Some, software justifies/requires going above and beyond doing testing. Especially if it controls critical hardware. I've never worked on such stuff. And even there the notion of releasing often and breaking stuff by testing it seems to be catching on. For example SpaceX is doing agile rocket development. They launch starship every few months until they get it reliable enough to launch things into orbit.
The thing that's never made any sense to me about using a marble checker for anything but concurrency issues (which are hard enough to warrant it) is that once you've validated your model you have to go actually implement it, and that's usually the most error prone part of the process.
If the correctness spec has to be written manually but prevents you from diverging from the spec in your implementation, that's a huge step up from extrinsic model checkers.

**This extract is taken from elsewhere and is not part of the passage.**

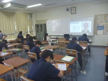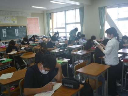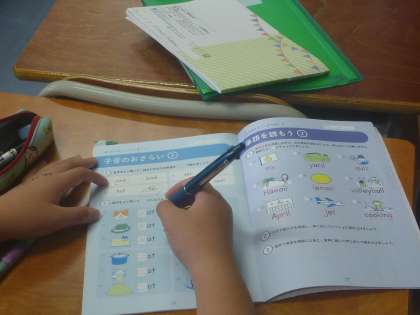 BINGOの後、デジタル教科書の外国人の先生の発音を聞いて、子音を聞き取って、問題集の「子音のおさらい」に記入しています。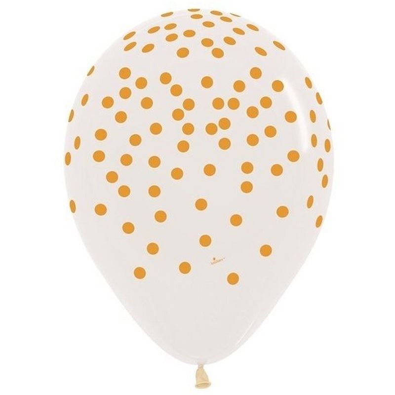 Preciosos globos de látex de gran calidad transparentes con lunares dorados. Estos globos son perfectos para decorar cualquier celebración o evento. Paquete de 12. Estos globos son aptos para aire y/o helio. Cada uno inflado mide aprox. 28cm. No se venden inflados.

With the large footprint of Rust, I've seen questions raised about how this will work. But haven't seen good answers.
Would love to read more.
Some problems specify well. A database is an example. A spec for a database can be written in terms of exhaustive search, running the query against everything. Now show that an efficient database yields the same output.
I keep trying to learn it, but you need to be a real expert. Like "I wrote the compiler" level expert for most systems.
For example I tried to prove a varint encoder/decoder. It worked for one or two bytes, but not more. Asking for help the reason was that the compiler internally only unrolls loops 5 times, or some random internal detail like that that you could never really hope to know.
I've been learning Lean recently, and ... I mean I like it, but if you learn it you're going to encounter documentation like this:
> Definitional equality includes η-equivalence of functions and single-constructor inductive types. That is, fun x => f x is definitionally equal to f, and S.mk x.f1 x.f2 is definitionally equal to x, if S is a structure with fields f1 and f2. It also features proof irrelevance, so any two proofs of the same proposition are definitionally equal. It is reflexive, symmetric, and a congruence.
And that's not really a knock on Lean - it seems to have some of the better documentation out of the alternatives.
It looks scary but actually all those concepts are really simple and probably things you are already familiar with.
Basically you just need to log events - which you can even have for free in event-driven architectures etc - and run some predicates on execution traces, e.g. "Always(Locked, Implies(Eventually(Unlocked)))", etc.
One can run it on historical traces, but also couple it to stress tests, fuzzing etc to explore the state space.
Quite simple, powerful and widely applicable, and doesn't require a model, just predicates.
Formal methods connotes comprehensive evidence about system behavior. In the case of TLA and similar system that’s a state machine and not the real system but the output for the state machine is a proof that your LTL/CTL/TLA properties hold for all behaviors of the system (traces or trees of traces).
I was mentioning it in the same context as e.g. the Amazon paper on lightweight formal methods [0] where they use property-based testing to test that the implementation conforms to the model specification.
In a similar spirit, linearizability checkers like Porcupine [1] are a nice mix of formalism and usability.
I really like those because they are incredibly powerful, don't require a model and verify the actual implementation - obviously as you mention they are not exhaustive.
[0] https://assets.amazon.science/77/5e/4a7c238f4ce890efdc325df8...
Or as a baby step, does TLA+ emit comprehensive test cases? Then we as programmers still have to do the hand transpilation step, but at least we can be assured our implementation is correct (if not efficient).